In September 2025, the npm ecosystem was hit by a major supply-chain compromise dubbed (Shai-Hulud) that CISA said spread through compromised developer accounts and malicious code injection into trusted packages. The significance was not just that malware existed in npm beause that has happened before but that the attack moved quickly through the trust relationships developers rely on every day.

For AI coding tools that install packages, plugins, or helper components from npm, that is exactly the kind of ecosystem-level failure that turned ordinary installs into security incidents.

Then in February 2026, researchers at Tenable documented a malicious npm package called ambar-src that was downloaded about 50,000 times before removal. The package used evasion techniques and delivered malware during installation, targeting developer machines across Windows, Linux, and macOS.

That story matters because it shows how little time a malicious package may need to do damage once it lands in a trusted registry and developer workflow.

On the MCP side, the risk stopped being hypothetical in April 2025, when Invariant Labs disclosed tool poisoning attacks: malicious instructions hidden in MCP tool descriptions that are visible to the model but effectively invisible to the user.

The AI agent can be nudged into unauthorized behavior, including exfiltrating sensitive data, even when the user sees only an innocent-looking tool name.

Emerging research suggests that highly autonomous AI agents do not always treat permissions as fixed boundaries; they can treat them as problems to solve. The March 2026 OpenDev paper emphasizes the difficulty of keeping terminal-native agents controllable, while research teams like NONO and Ona Veto are now building security products around the idea that agents may modify permissions or bypass weaker controls when given enough agency.

Reference Security Architecture (Theory)

All of this has inspired me to start working on a prototype that assists in enabling developers to build more secure AI Agent within containers that can assist in mitigating some, but not all, of these concerns. Additionally, I’m exploring overlaying this secure build pipeline with One Veto and NONO kernel level controls.

AI coding agents such as OpenCode and Claude Code can and often do operate with the same kinds of access a developer does on local corporate workstation. This needs to stop, and frankly does not support the long-term goals to adopt more AI Agents and automation.

When used improperly, these AI Agents can read files, run shell commands, call APIs and act on instructions pulled from project files, plugins, MCP servers, or prompts.

That makes them powerful, but it also means a single malicious dependency, poisoned tool description, or injected instruction can quickly expand into credential theft, unwanted code execution or broader host compromise.

My reference security architecture is built to reduce that blast radius through layered controls.

Instead of trusting the agent, the design assumes something will eventually fail and places safeguards at multiple points in the stack.

Secrets are fetched on the host and only the specific credentials needed for the session are securely injected into the container, so User Admin Vault tokens and or Admin cloud credentials never enter AI Agent access boundry.
Network egress is either forced through an allowlisted proxy or disabled entirely.
Containers run as non-root, with privileges dropped, resource limits enforced, and optional AppArmor restrictions applied.
At the top layer, stricter AI agent settings reduce risky file modification, shell execution, and tool use before lower-level controls even have to intervene.

Simple architecture view

┌───────────────────────────────┐
│ Host secrets fetch            │
│ Vault / AWS / env vars        │
│ Only needed keys selected     │
└──────────────┬────────────────┘
               │inject secrets
               ▼
┌───────────────────────────────┐
│ Agent container               │
│ OpenCode / Claude Code        │
│ Non-root, limited privileges  │
└──────────────┬────────────────┘
               │
     ┌─────────┴─────────┐
     ▼                   ▼
┌───────────────┐   ┌────────────────┐
│ Proxy mode    │   │ Isolated mode  │
│ Allowlisted   │   │ No outbound    │
│ outbound only │   │ network        │
└───────────────┘   └────────────────┘

Why this matters in practice

Without these controls, a compromised plugin or prompt-injected tool might read local secrets, call out to an attacker-controlled endpoint, or modify sensitive project files.

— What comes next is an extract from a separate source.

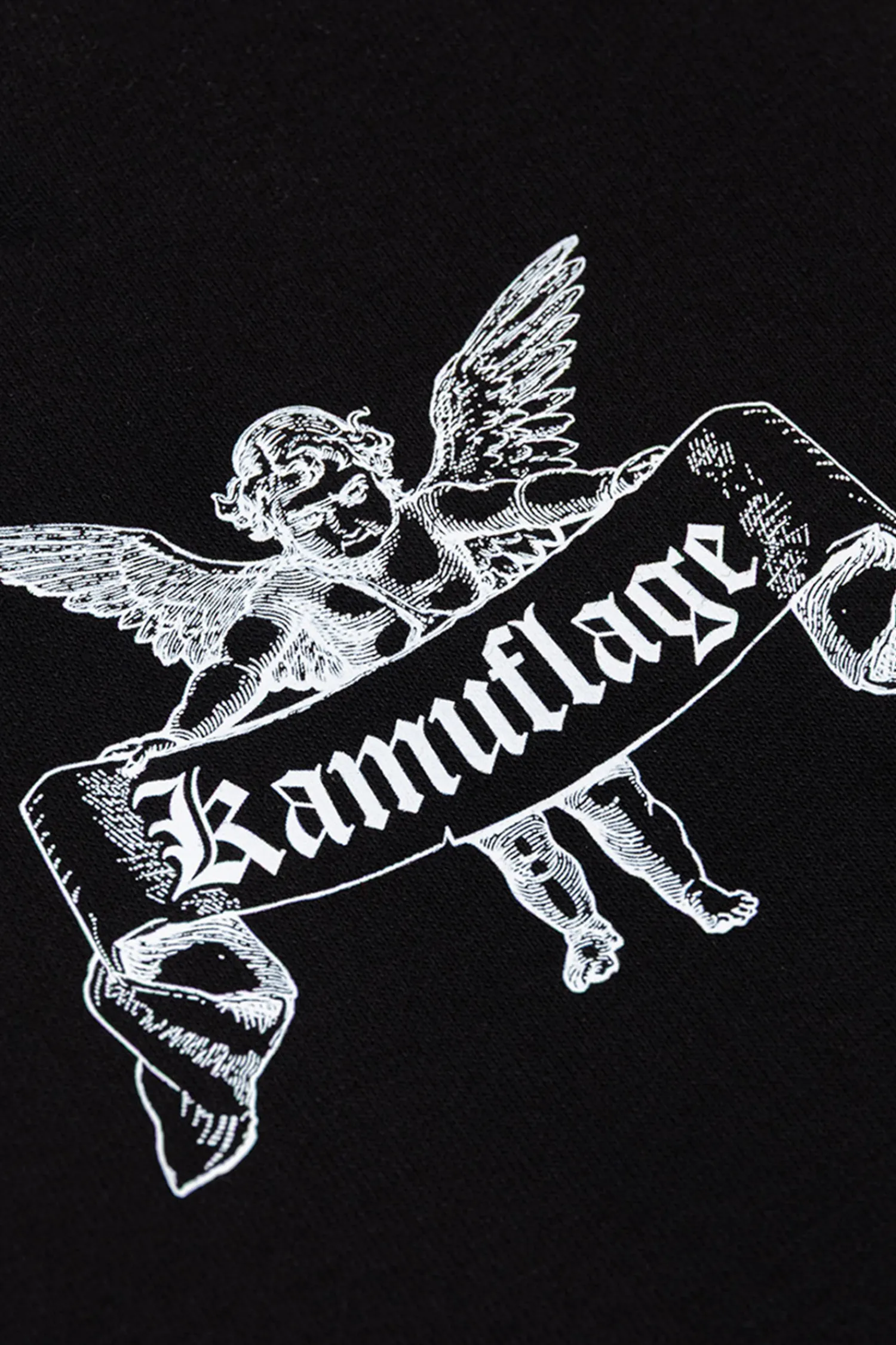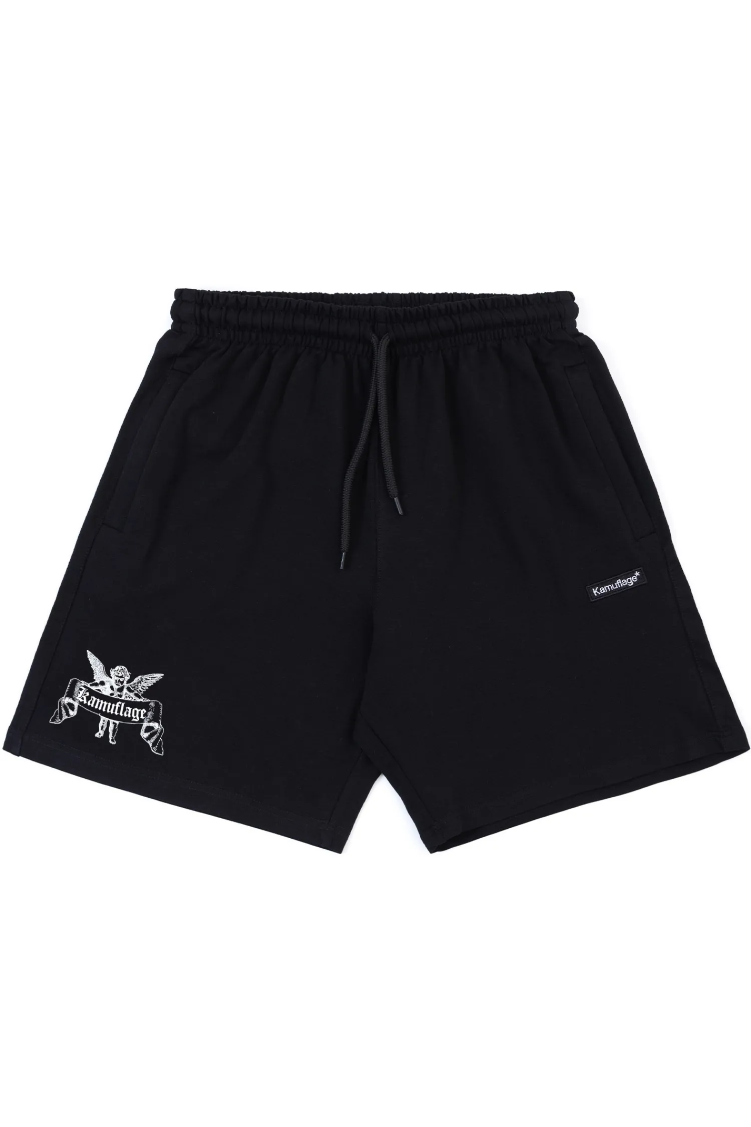 Szorty Kamuflage Hellfire Black to mocna propozycja dla fanów streetwearu z charakterem. Czarne, klasyczne tło kontrastuje z wyrazistym nadrukiem anioła trzymającego logo Kamuflage, dodając stylizacji unikalnego pazura. Wygodny krój, elastyczny pas i bawełniany materiał sprawiają, że to idealny wybór na miejskie lato i chill na pełnym luzie.

In this model, that same event is forced through multiple checkpoints:

the agent does not receive local human creds, session state, kerb tickets, LSAAS access or full Vault or cloud credentials
outbound traffic can only reach approved destinations or none at all
the container cannot run as root or easily escalate privileges (but kernel level enforcement may still be needed)
stricter agent policy reduces what the model can do on its own

Example scenarios

Example 1: Malicious MCP server or plugin
A loaded tool attempts to exfiltrate data to an unknown external domain. In this design, the request is blocked by the outbound allowlist or prevented entirely in isolated mode. If malicious injection can reason and use existing tool or skill, then they must live out of the land are are contained via the network egress allowed list.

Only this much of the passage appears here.